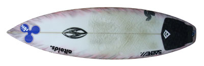 ワイドはレギュラーボードより1インチほど広いが、ノーズからセンターにかけてのアウトラインをシャープにすることと、センターのワイドも従来のツインフィンより下げることで縦へのアプローチも良くなっている。 このワイドの安定感+ロッカーを少し強めにし反応も良く、早いテイクオフからスピードにのせスムースにサーフできる。 センターフィンがないルースでスムースな乗り味はトライフィンにはない斬新な感覚です。
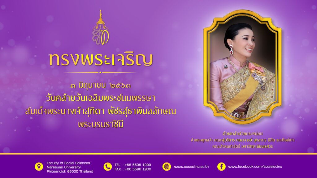 วันคล้ายวันเฉลิมพระชนมพรรษา สมเด็จพระนางเจ้าสุทิดา พัชรสุธาพิมลลักษณ พระบรมราชินี ทรงพระเจริญ ———————————– ๓ มิถุนายน ๒๕๖๓ วันคล้ายวันเฉลิมพระชนมพรรษา สมเด็จพระนางเจ้าสุทิดา พัชรสุธาพิมลลักษณ พระบรมราชินี ————————————- ด้วยเกล้าด้วยกระหม่อม ข้าพระพุทธเจ้า คณะผู้บริหาร คณาจารย์ บุคลากร นิสิต และศิษย์เก่า คณะสังคมศาสตร์ มหาวิทยาลัยนเรศวร
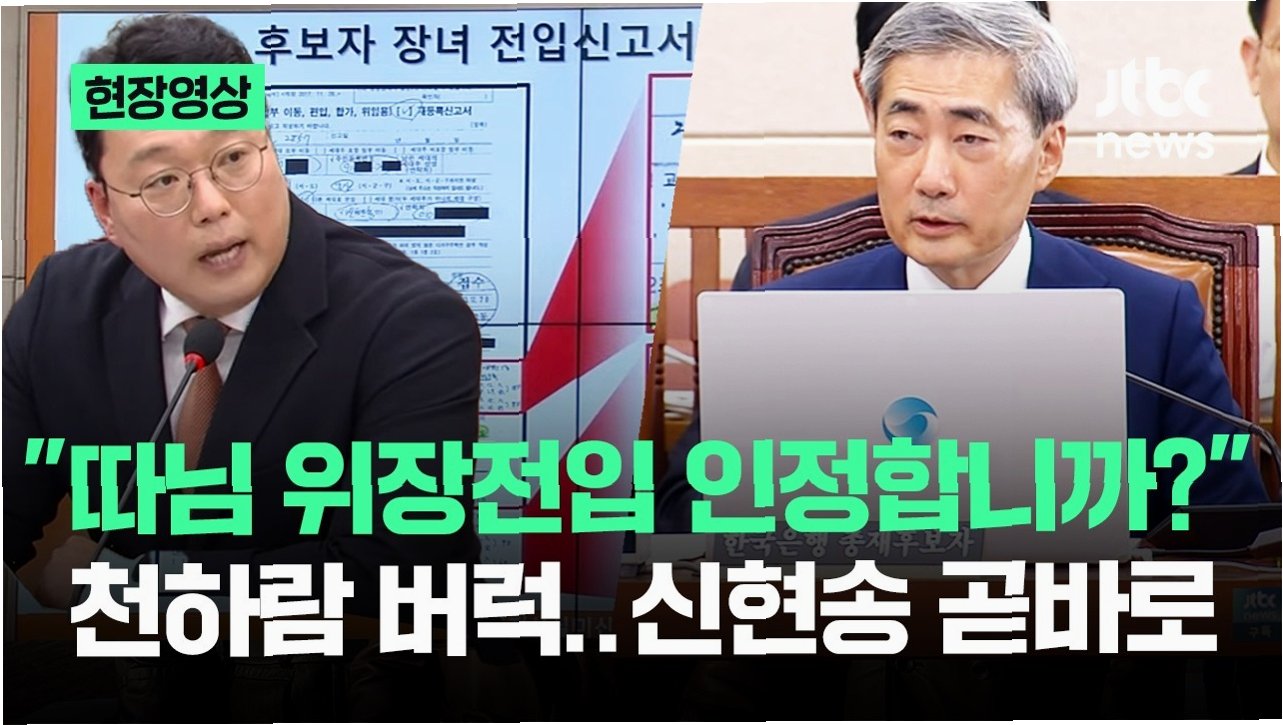 신현송 한국은행 총재 후보자가 장녀의 위장전입 의혹에 대해 '후회된다. 잘못했다'고 시인했습니다. 개혁신당 천하람 의원은 신 후보자가 영국 국적인 딸을 내국인으로 위장 전입 신고한 것이 주민등록법 위반 소지가 있다고 지적했습니다. 이는 고위공직자 후보자로서 대표적인 결격 사유에 해당한다는 비판이 제기되었습니다.

* _Task goal_
Starting with the top line, write out all the data above exactly; keep the pictures out.

* _Task solution_
 ワイドはレギュラーボードより1インチほど広いが、ノーズからセンターにかけてのアウトラインをシャープにすることと、センターのワイドも従来のツインフィンより下げることで縦へのアプローチも良くなっている。 このワイドの安定感+ロッカーを少し強めにし反応も良く、早いテイクオフからスピードにのせスムースにサーフできる。 センターフィンがないルースでスムースな乗り味はトライフィンにはない斬新な感覚です。
 วันคล้ายวันเฉลิมพระชนมพรรษา สมเด็จพระนางเจ้าสุทิดา พัชรสุธาพิมลลักษณ พระบรมราชินี ทรงพระเจริญ ———————————– ๓ มิถุนายน ๒๕๖๓ วันคล้ายวันเฉลิมพระชนมพรรษา สมเด็จพระนางเจ้าสุทิดา พัชรสุธาพิมลลักษณ พระบรมราชินี ————————————- ด้วยเกล้าด้วยกระหม่อม ข้าพระพุทธเจ้า คณะผู้บริหาร คณาจารย์ บุคลากร นิสิต และศิษย์เก่า คณะสังคมศาสตร์ มหาวิทยาลัยนเรศวร
 신현송 한국은행 총재 후보자가 장녀의 위장전입 의혹에 대해 '후회된다. 잘못했다'고 시인했습니다. 개혁신당 천하람 의원은 신 후보자가 영국 국적인 딸을 내국인으로 위장 전입 신고한 것이 주민등록법 위반 소지가 있다고 지적했습니다. 이는 고위공직자 후보자로서 대표적인 결격 사유에 해당한다는 비판이 제기되었습니다.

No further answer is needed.